Task: An exact transcription of the listing, without its images, is what the answer must contain.

Provided material:
□ □ □ □ □ □ □
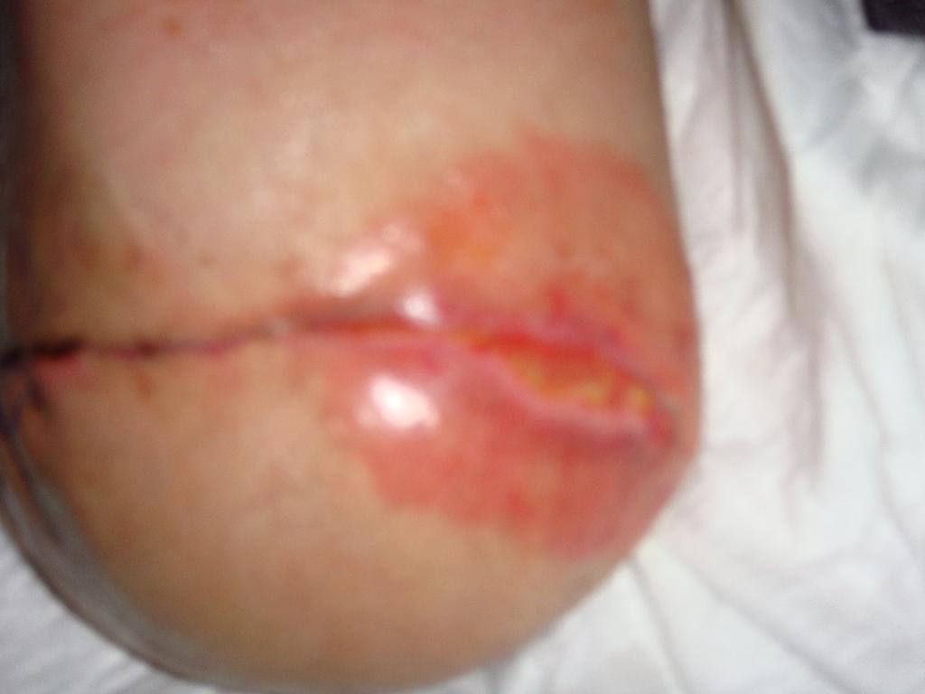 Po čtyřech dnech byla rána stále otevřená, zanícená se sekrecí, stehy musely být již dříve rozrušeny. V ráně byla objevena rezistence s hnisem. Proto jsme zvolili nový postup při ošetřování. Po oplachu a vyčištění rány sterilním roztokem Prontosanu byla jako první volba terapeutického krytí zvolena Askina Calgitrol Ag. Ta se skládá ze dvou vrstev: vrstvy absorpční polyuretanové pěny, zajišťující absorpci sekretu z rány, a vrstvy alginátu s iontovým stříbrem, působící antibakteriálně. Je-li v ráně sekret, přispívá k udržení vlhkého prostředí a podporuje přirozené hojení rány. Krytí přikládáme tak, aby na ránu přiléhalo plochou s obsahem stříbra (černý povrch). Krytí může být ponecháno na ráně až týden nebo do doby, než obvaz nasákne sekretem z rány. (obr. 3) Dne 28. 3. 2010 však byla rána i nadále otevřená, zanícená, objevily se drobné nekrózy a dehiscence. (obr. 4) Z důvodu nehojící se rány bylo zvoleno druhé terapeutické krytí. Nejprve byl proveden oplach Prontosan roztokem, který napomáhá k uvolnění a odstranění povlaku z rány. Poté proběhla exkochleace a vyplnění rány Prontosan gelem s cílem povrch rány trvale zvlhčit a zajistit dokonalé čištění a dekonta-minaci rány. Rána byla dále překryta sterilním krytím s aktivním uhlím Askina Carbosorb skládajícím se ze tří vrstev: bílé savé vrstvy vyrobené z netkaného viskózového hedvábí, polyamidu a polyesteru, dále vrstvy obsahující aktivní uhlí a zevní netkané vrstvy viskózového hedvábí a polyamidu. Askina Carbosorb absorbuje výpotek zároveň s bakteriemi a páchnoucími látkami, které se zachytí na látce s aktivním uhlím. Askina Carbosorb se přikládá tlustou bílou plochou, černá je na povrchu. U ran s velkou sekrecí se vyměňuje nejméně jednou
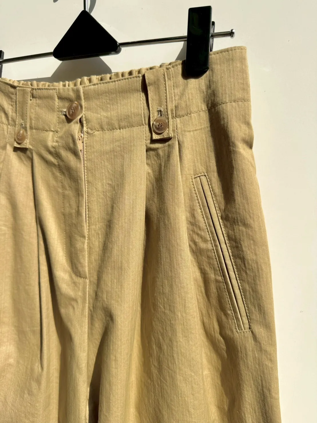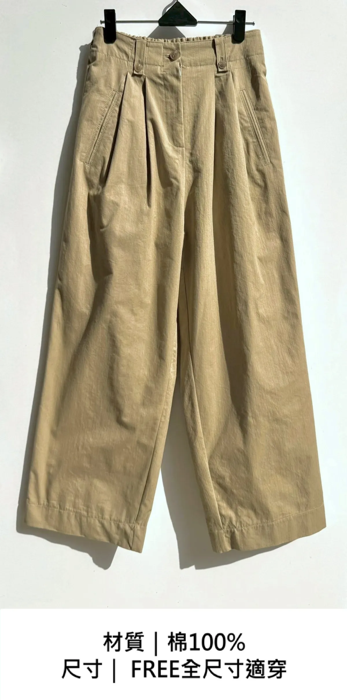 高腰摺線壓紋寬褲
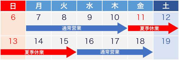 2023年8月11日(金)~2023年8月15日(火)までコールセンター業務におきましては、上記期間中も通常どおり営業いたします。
□ □ □ □ □ □ □
Expected answer:
 Po čtyřech dnech byla rána stále otevřená, zanícená se sekrecí, stehy musely být již dříve rozrušeny. V ráně byla objevena rezistence s hnisem. Proto jsme zvolili nový postup při ošetřování. Po oplachu a vyčištění rány sterilním roztokem Prontosanu byla jako první volba terapeutického krytí zvolena Askina Calgitrol Ag. Ta se skládá ze dvou vrstev: vrstvy absorpční polyuretanové pěny, zajišťující absorpci sekretu z rány, a vrstvy alginátu s iontovým stříbrem, působící antibakteriálně. Je-li v ráně sekret, přispívá k udržení vlhkého prostředí a podporuje přirozené hojení rány. Krytí přikládáme tak, aby na ránu přiléhalo plochou s obsahem stříbra (černý povrch). Krytí může být ponecháno na ráně až týden nebo do doby, než obvaz nasákne sekretem z rány. (obr. 3) Dne 28. 3. 2010 však byla rána i nadále otevřená, zanícená, objevily se drobné nekrózy a dehiscence. (obr. 4) Z důvodu nehojící se rány bylo zvoleno druhé terapeutické krytí. Nejprve byl proveden oplach Prontosan roztokem, který napomáhá k uvolnění a odstranění povlaku z rány. Poté proběhla exkochleace a vyplnění rány Prontosan gelem s cílem povrch rány trvale zvlhčit a zajistit dokonalé čištění a dekonta-minaci rány. Rána byla dále překryta sterilním krytím s aktivním uhlím Askina Carbosorb skládajícím se ze tří vrstev: bílé savé vrstvy vyrobené z netkaného viskózového hedvábí, polyamidu a polyesteru, dále vrstvy obsahující aktivní uhlí a zevní netkané vrstvy viskózového hedvábí a polyamidu. Askina Carbosorb absorbuje výpotek zároveň s bakteriemi a páchnoucími látkami, které se zachytí na látce s aktivním uhlím. Askina Carbosorb se přikládá tlustou bílou plochou, černá je na povrchu. U ran s velkou sekrecí se vyměňuje nejméně jednou
 高腰摺線壓紋寬褲
 2023年8月11日(金)~2023年8月15日(火)までコールセンター業務におきましては、上記期間中も通常どおり営業いたします。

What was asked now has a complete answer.